The indictment said Wyatt, who was arrested last week, discussed his participation in the kickback scheme with an oil trader during telephone calls recorded by El Paso Natural Gas, which purchased Coastal Corp. in 2001 for $24 billion.
If convicted of conspiracy and other charges, each defendant could face a maximum of 62 years in prison and a fine of $1 million or twice the gain resulting from the offenses.
Wyatt's plea came on the day U.N. investigators released a report saying about 2,200 companies in the oil-for-food program, including corporations in the United States, France, Germany and Russia, paid a total of $1.8 billion in kickbacks and illicit surcharges to Saddam's government.
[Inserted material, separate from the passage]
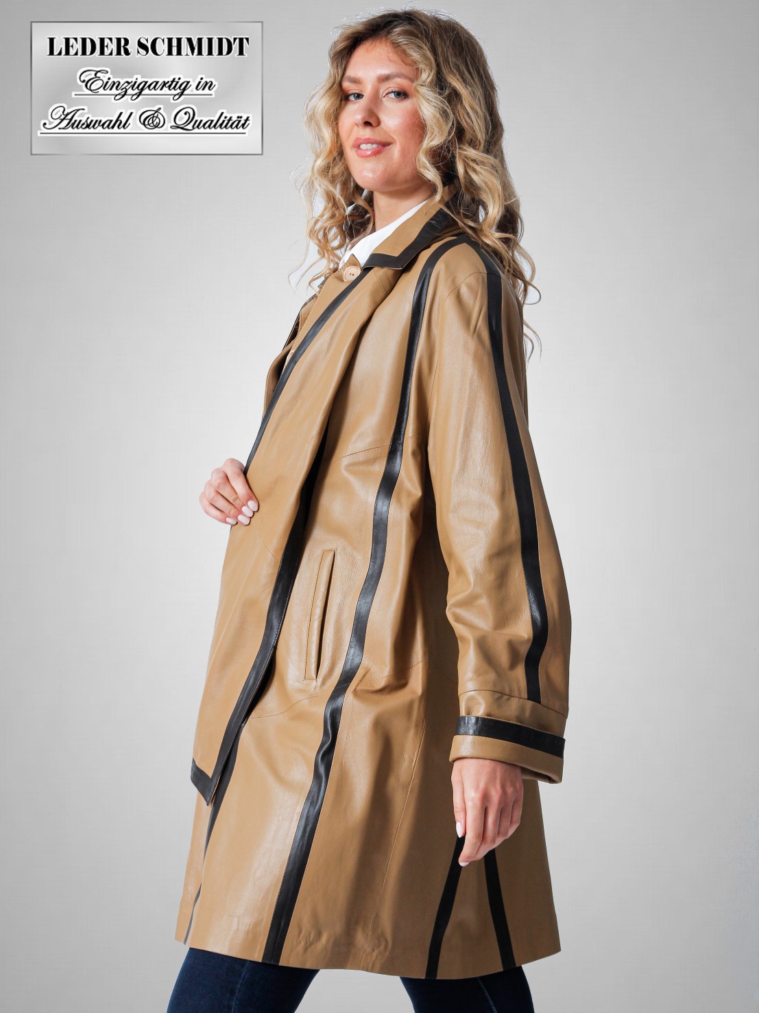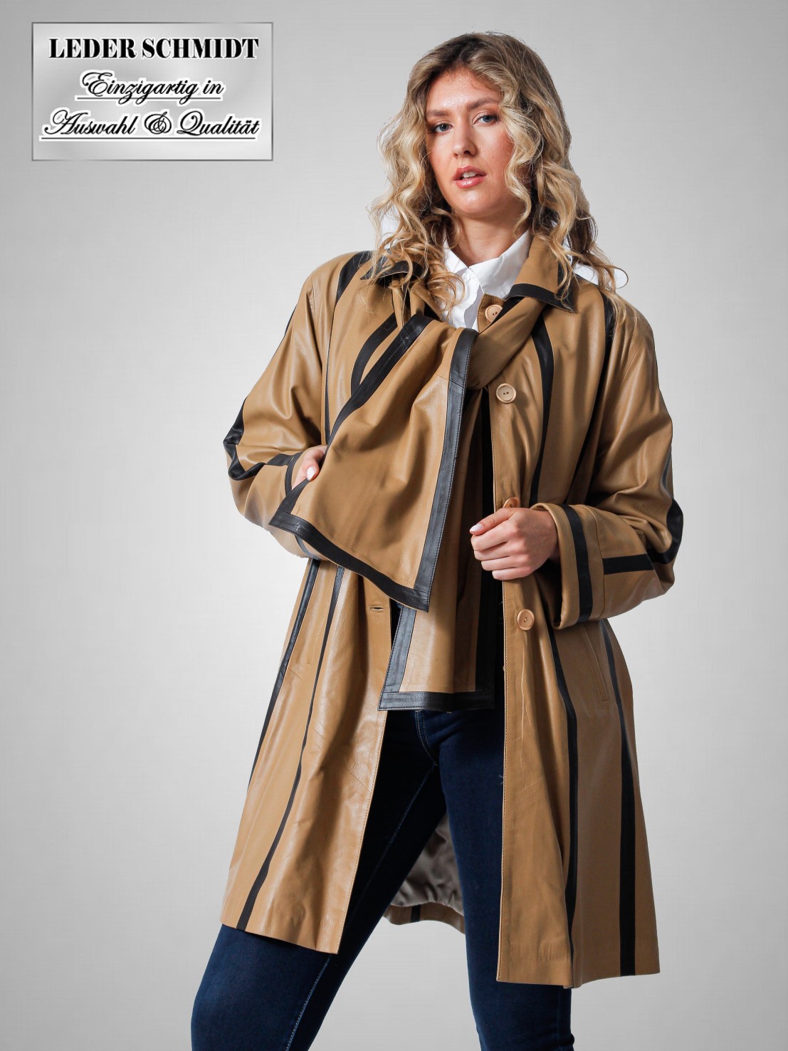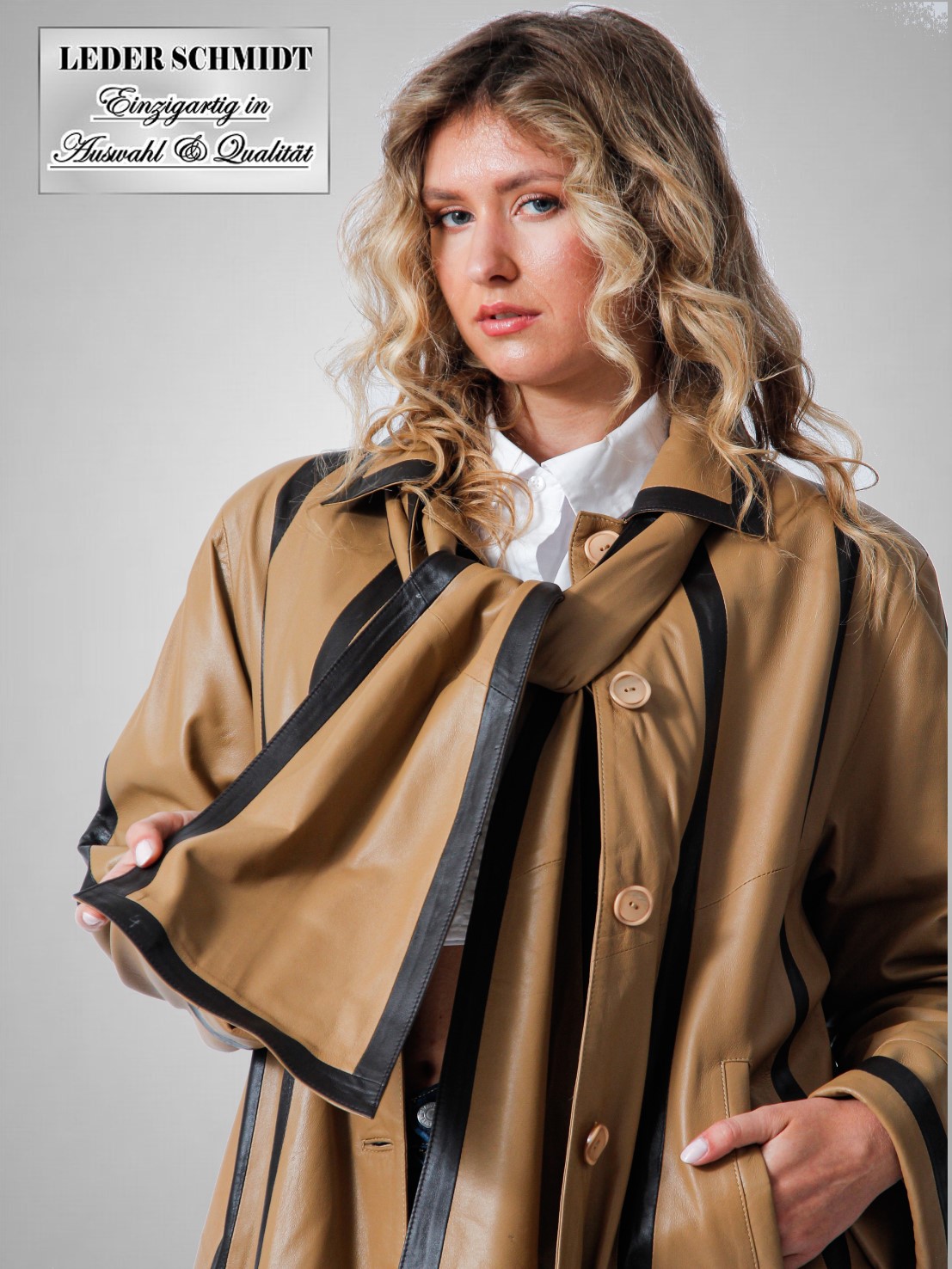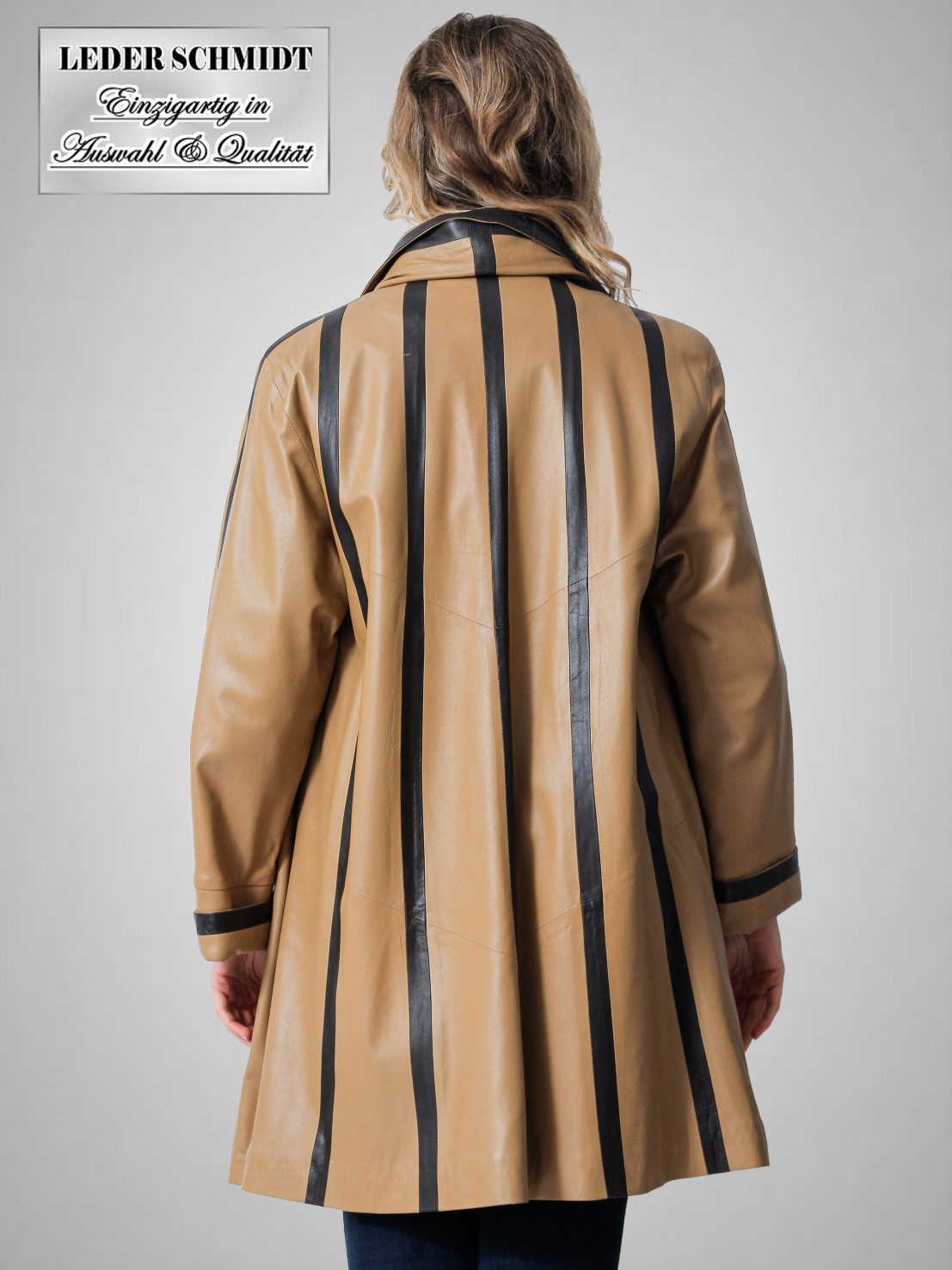 Der Lederkurzmantel hat eine weit geschnitte A-Form. Die dunkelbraunen Kontraststreifen verleihen ihm eine besondere Note.

The oil-for-food program was one of the world's largest humanitarian aid operations. The program, which ran from 1996 to 2003, allowed Iraq to sell oil provided most of the money went to buy humanitarian goods. It was launched to help ordinary Iraqis cope with U.N. sanctions imposed after Saddam's 1990 invasion of Kuwait.
But Saddam, who could choose the buyers of Iraqi oil and the sellers of humanitarian goods, corrupted the program by awarding contracts to — and getting kickbacks from — favored buyers, mostly parties who supported his regime or opposed the sanctions.